We have been catapulted not just into this wholly porous world of surveillance but are now also surrounded by and swimming in technology that hallucinates, deceives, spews bullshit as scientific truth, pretends to have feelings, writes phony books and songs, makes up fake legal citations, belches out endless videos of dogs chatting with space aliens and cats jumping backwards, and otherwise imprisons or anesthetizes the imagination.

Along the way, it devours physical land, fuel and water…to sustain a kind of electrical dream space that none of us asked for and none of us need.

Who cares? Each night Planet Waves archives about 30 to 40 articles on the topic. This publication has been viewed just 4,000 times in four months. I do not do this work personally, so I can tell you it’s amazing every single night.

Then there is the “universal ID” that will connect your “vaccine” record to your ability to spend money on food, and can limit where you travel (i.e., within 10 miles of your house or such). Money is being programmed to have limits.
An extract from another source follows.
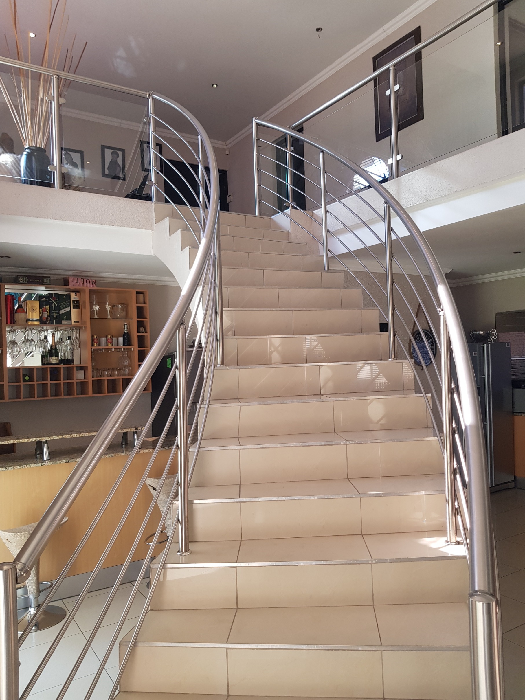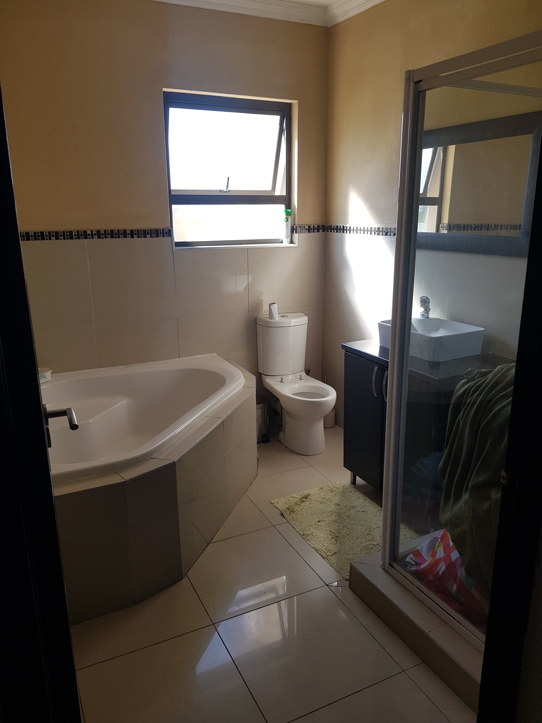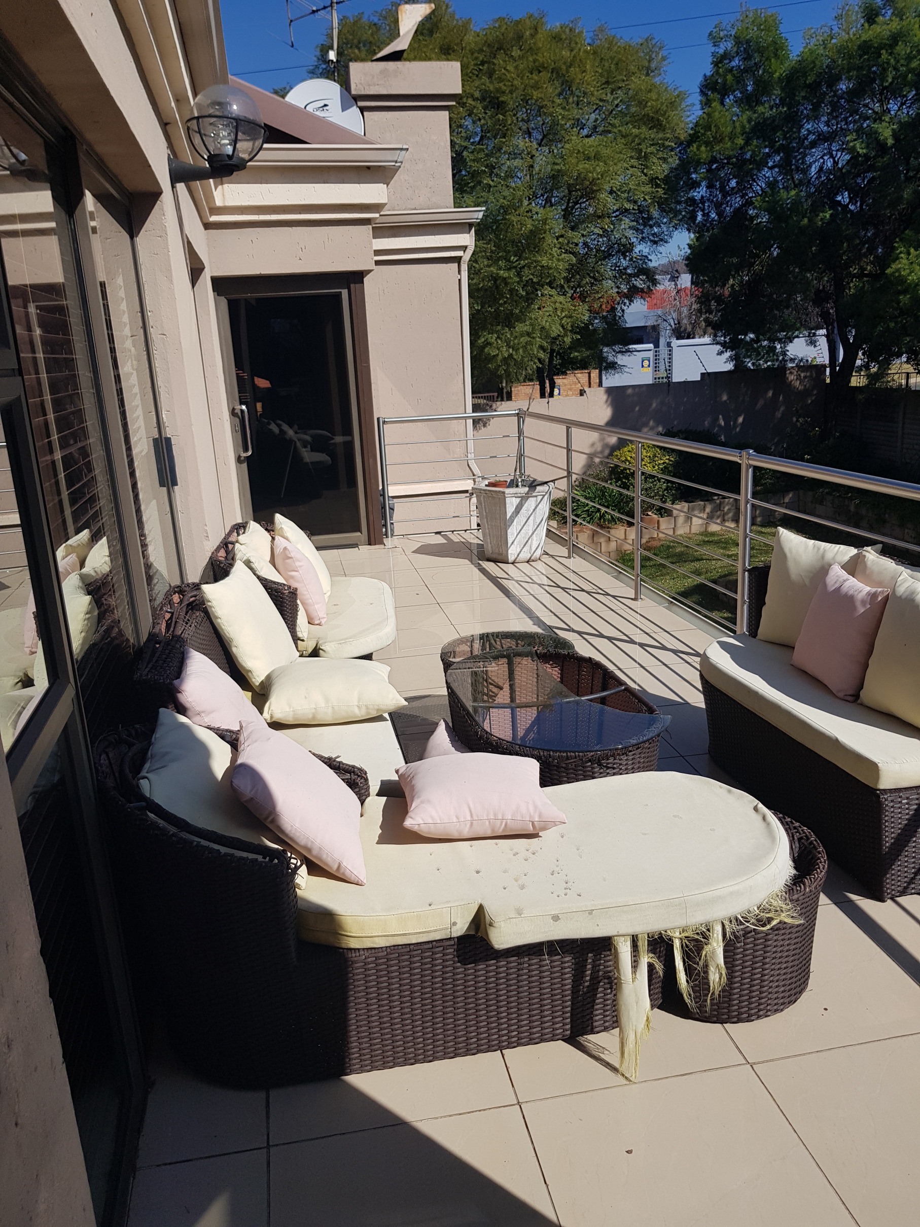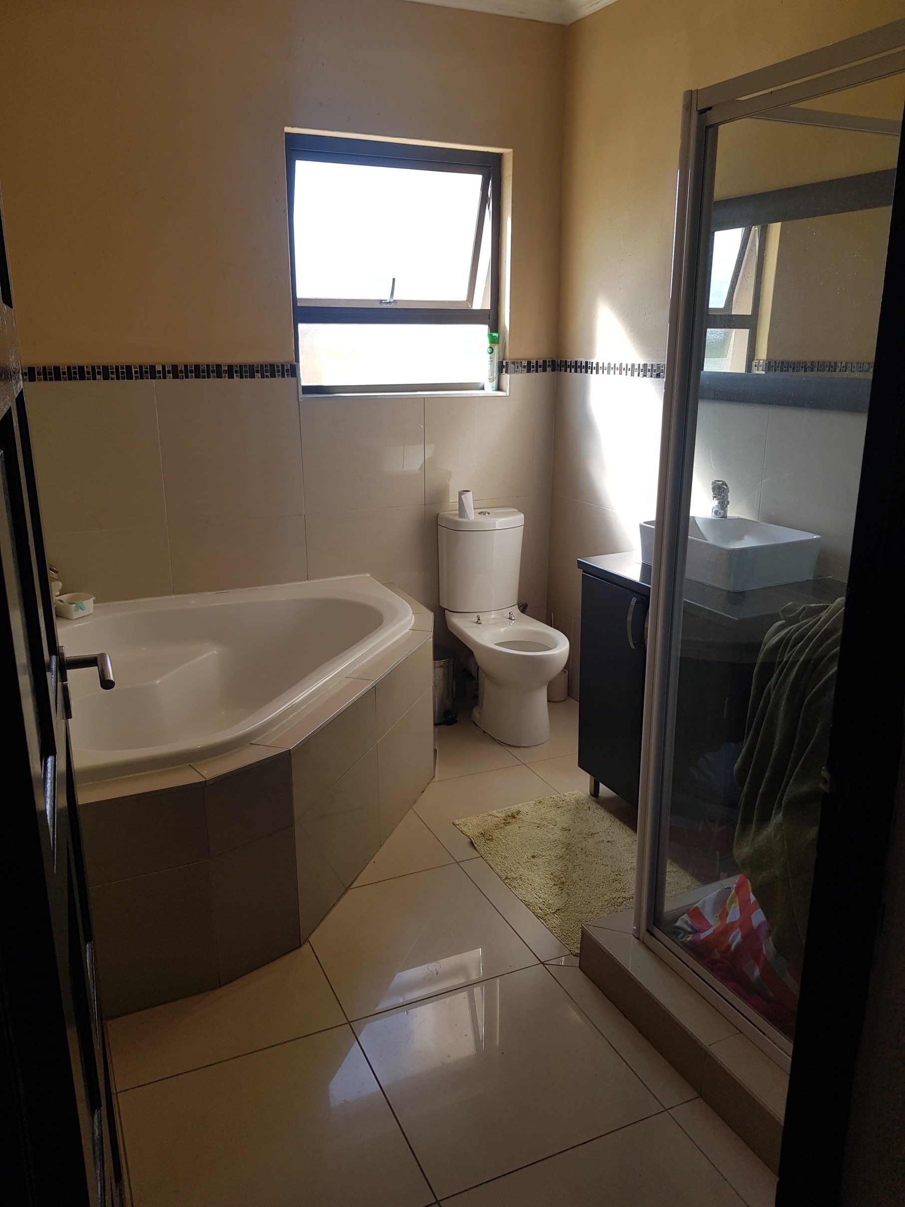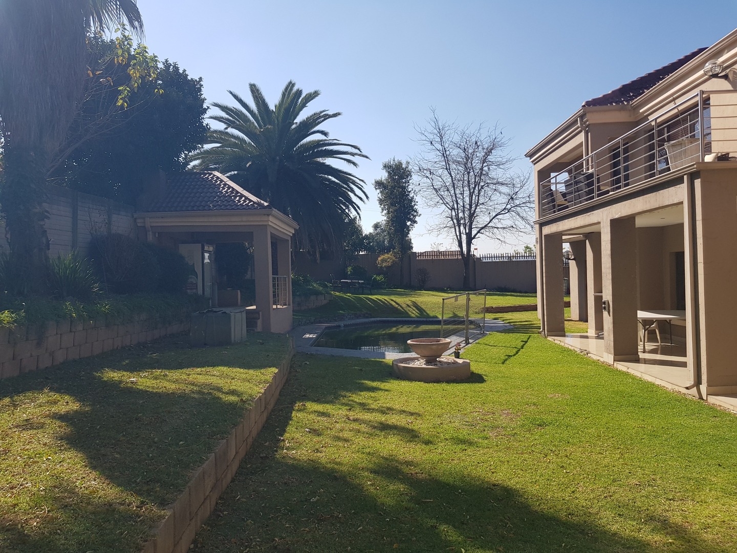 The property boasts a drive-through double garage with covered parking for two cars and additional space to accommodate up to five more vehicles within the yard. Outdoor features include a sparkling swimming pool, a lapa for entertainment, and four upstairs balconies offering breathtaking mountain views. The expansive 1,239 m2 yard is fully secured with electric fencing for peace of mind.

Under this plan, your Visa card will become more like a SNAP benefits card, even though it’s your money.

This morning, an article about “tokenization” landed in my inbox: how all assets, from your home to its contents, will (according to some guys in Switzerland and their cronies) allegedly be placed onto a blockchain ledger.

How will they get me to declare each of my drums, guitars and maracas? Insurance, of course! If it’s not on the blockchain, it does not exist.
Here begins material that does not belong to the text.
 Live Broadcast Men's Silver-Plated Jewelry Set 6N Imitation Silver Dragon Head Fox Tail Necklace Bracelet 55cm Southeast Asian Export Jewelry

You don’t need to look far to find examples of how people think we are living in a simulation. Most of the “flat earth” theories involve the notion of a simulacrum or enclosed artificial reality, which people find gives them relief (I guess from space being so big; many of the theories aggressively deny the existence of “outer space”).

I seem to be the only writer proposing the the oh so popular “flat earth” phenomenon is a digital effect with many equivalents. Once converted to data and uploaded, the world lacks all dimension and depth, and people’s minds are equally distorted.

We hear constant cultural references to living in a matrix, discussions of blue and red pills, and “red pilling” people (forcing the truth onto them).

Spiritual texts from many ages have described ordinary physical existence as a secondary reality, an illusion, a parallel existence, a phenomenon of multiple dimensions and many other metaphors. According to A Course in Miracles, miracles occur because the world we see is an illusion, subject to change and the violation of its own supposed rules; the miracle gets you past the illusion and into contact with the underlying reality.

And yet our seemingly limited physical existence is seen by some spiritual traditions as a necessary condition of exercising free will, distinct in all of creation. What is unique about our world is that you can get anywhere from here. Yet without the physicality, we lose that access; we lose the ability to navigate and choose and end up floating in a kind of endless dream. It’s as if we’re guided by some weird GPS system where we never programmed a destination.

This is why it’s important to stop and assess your situation, right now.

Where am I and what am I doing here? Let the questions stand for a while.

With love,

Eric signature

Two Scenes from Waking Life

“The more that you talk about a person as a social construction or as a confluence of forces or as fragmented or marginalized, what you do is you open up a whole new world of excuses. And when [philosopher Jean Paul] Sartre talks about responsibility, he’s not talking about something abstract.

“He’s not talking about the kind of self or soul that theologians would argue about. It’s something very concrete. It’s you and me talking. Making decisions. Doing things and taking the consequences. It might be true that there are six billion people in the world and counting. Nevertheless, what you do makes a difference. It makes a difference, first of all, in material terms. Makes a difference to other people and it sets an example.